If desired, every single nut and bolt, every purchase order and every work instruction order could be tracked.

If you mention configuration management in the construction industry, the chances are you'll get a blank look in response; but configuration management is nothing new. It began in computing in the late 1950s as a response to the need to control first hardware production, then later, software development. Configuration management was soon adopted in other industries, and development of national and international standards in configuration management followed. This would suggest that many organisations find that configuration management adds value and the construction industry should be no exception.

How do we apply configuration management to construction? At its core, configuration management serves two primary purposes. The first is to ensure requirements are documented and delivered. This sounds like an easy task - simply ask your client what they want, then build it. But what happens when requirements change? Who confirms that what is being built meets the new requirements? Or when architect's drawings change to accommodate new legislation, who assesses the requirements for continued validity?

As the as-built building is delivered, configuration management will validate that the non-cost element of the original business case is still sound and will ultimately confirm delivery of those requirements against tangible assets.

The second purpose of configuration management is to provide a baseline against which change can be controlled. In this light, configuration management and change management are opposite sides of the same coin. If everyone is not working off the same drawings, specifications, schedule and quality plan, how does the project ensure the integrity of the final build - short of costly and time consuming rework? Configuration management controls the current documentation baseline, without which change management is constantly trying to catch up.

Configuration management adds much more value than simply documenting requirements. It represents a set of activities which dovetail with established disciplines such as scheduling, supplier management and risk management. For example, it can identify the documents and drawings which will be issued to contractors, ensuring that a controlled package of work is issued. It can identify the dependencies between all elements of a project, such that if a contractor raises a claim for variation of costs, the latest version of the contract is assessed against the package of work issued to ascertain whether there is any basis for the claim and whether it has any related risk or scope impacts which need to be taken into consideration.
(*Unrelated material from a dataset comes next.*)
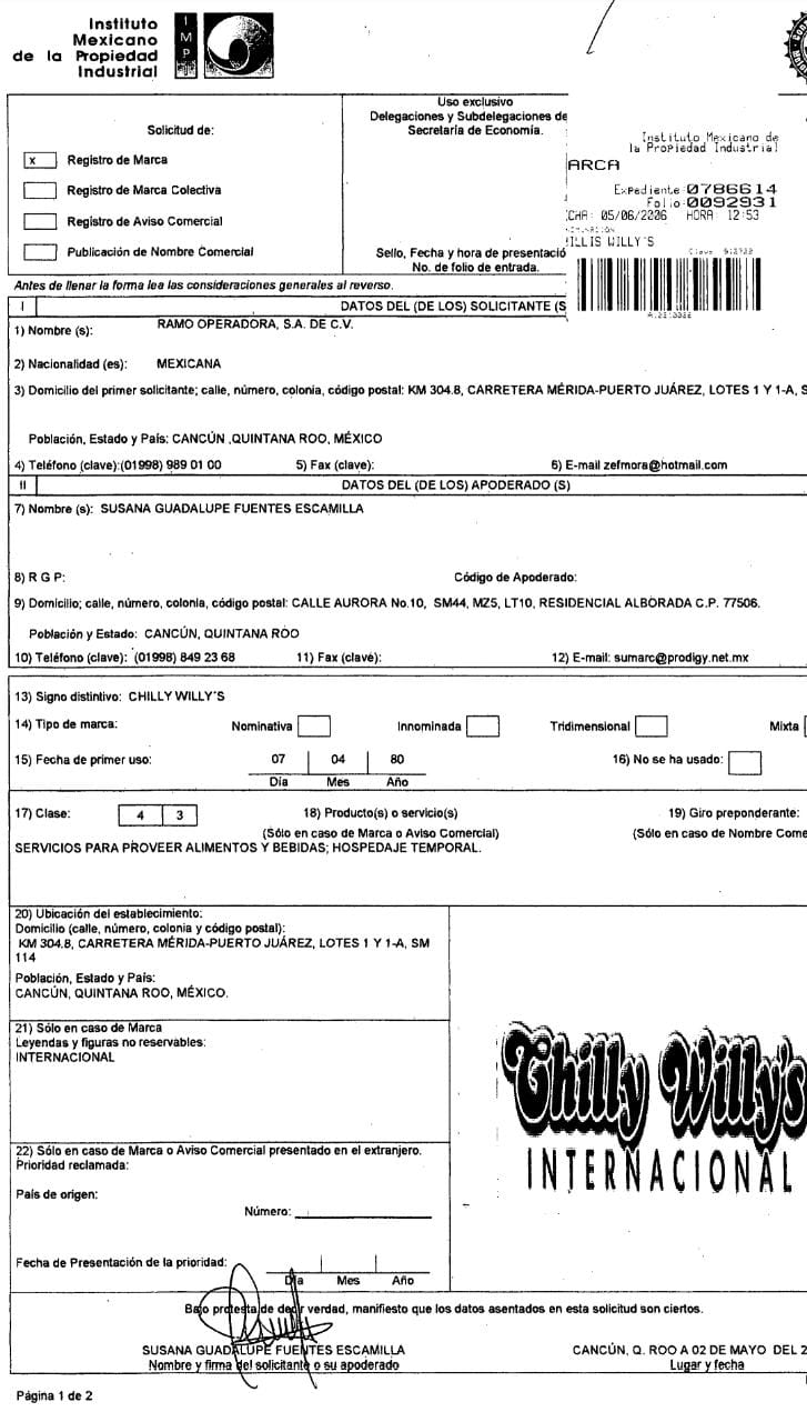 Para empezar hablemos de la marca Chilly Willy’s. Según el trámite hecho ante el Instituto Mexicano de la Propiedad Industrial (IMPI), la primera vez que se usó la marca fue el 7 de abril de 1980. Decían que la marca sería para un servicio para proveer alimentos y bebidas así como hospedaje temporal.

As with any control activity, configuration management can be deployed to the degree which is useful for an individual project. If desired, every single nut and bolt, every single purchase order and every single work instruction could be tracked and managed. Configuration management can also be deployed at a strategic level, tracking key documents. This not only ensures that what is built is what was specified, but that it has been built to the standard required and is still desired by the client.

This article is intended to highlight the value configuration management can add within the construction industry. If there are any doubts remaining, consider this; the single largest cost associated with any construction project begins when construction ends. The lifespan of a single building can span centuries, and the associated operation and maintenance costs far outweigh the capital outlay. Correctly deployed and managed, configuration management will not only ensure that the necessary manuals and contracts are in place to reduce ongoing running costs, but that the original supplier organisation can be identified many years after completion of works.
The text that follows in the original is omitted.